The model takes operating data such as air side inlet temperature, gas side flue gas inlet temperature, air preheater rotational speed, inlet air flow and gas flow rates, leakage coefficients for air-side, gas-side and radial leakage and the composition of flue gas and air as inputs. The result is a matrix of data points representing the fluid temperatures, air and gas, and the metal matrix temperature throughout the air preheater baskets, at each increment in the two dimensional matrix representing distance across the duct in one dimension and cold end to hot end in the other dimension.
The blue graph represents the minimum metal matrix temperature as it rotates from the air side to the gas side at each incremental distance from the cold end to the hot end. The red line similarly represents the maximum metal temperature of the metal matrix temperature as it rotates from the gas side to the air side at each incremental distance from the cold end to the hot end.
When the model is developed for an air preheater, the model fidelity is tested against the predicted air and has outlet temperatures. The model parameters are tuned until the predicted temperatures closely match the actual measured air and gas outlet temperatures at various loads.

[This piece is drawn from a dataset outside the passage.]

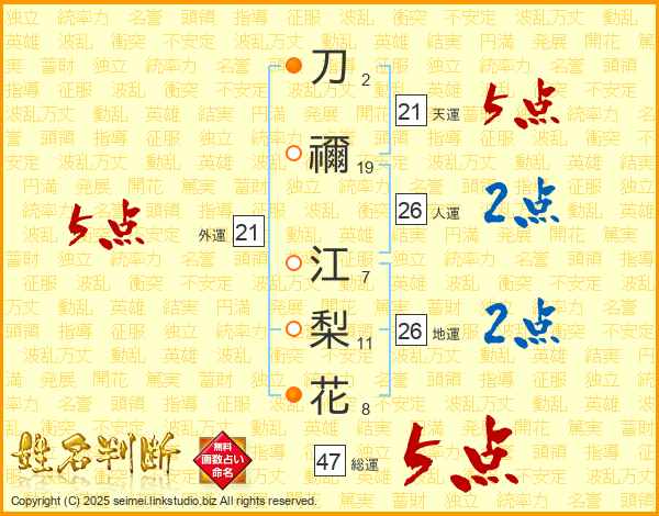 刀(2画)禰(19画) 江(7画)梨(11画)花(8画)

At the basic level, the model is a windows executable that takes as input a data file comprising of the physical properties, heat transfer coefficients and operating data inputs. The resultant output is a data file comprising the two dimensional matrix of metal and fluid temperatures. EPRI has developed a Microsoft Excel front end to this engine which is used as an offline tool to conduct data analysis, model tuning and general process analysis.

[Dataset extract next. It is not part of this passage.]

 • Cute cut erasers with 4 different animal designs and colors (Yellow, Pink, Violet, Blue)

Breen has implemented a shell around the windows executable and wrapped it into a Windows Human Machine Interface program that can communicate with plant DCS or data historians such as OSI-PI and run the model in real time and provide the relevant outputs back to the DCS or data historian.
Breen has further developed a technique to run a box factorial design on the operating conditions within the plant operations and generate a set of polynomial equations that represent a statistically valid approximation of the model. These polynomials can then be implemented in a DCS or other system and executed in real time to generate relevant data outputs for process monitoring and optimization.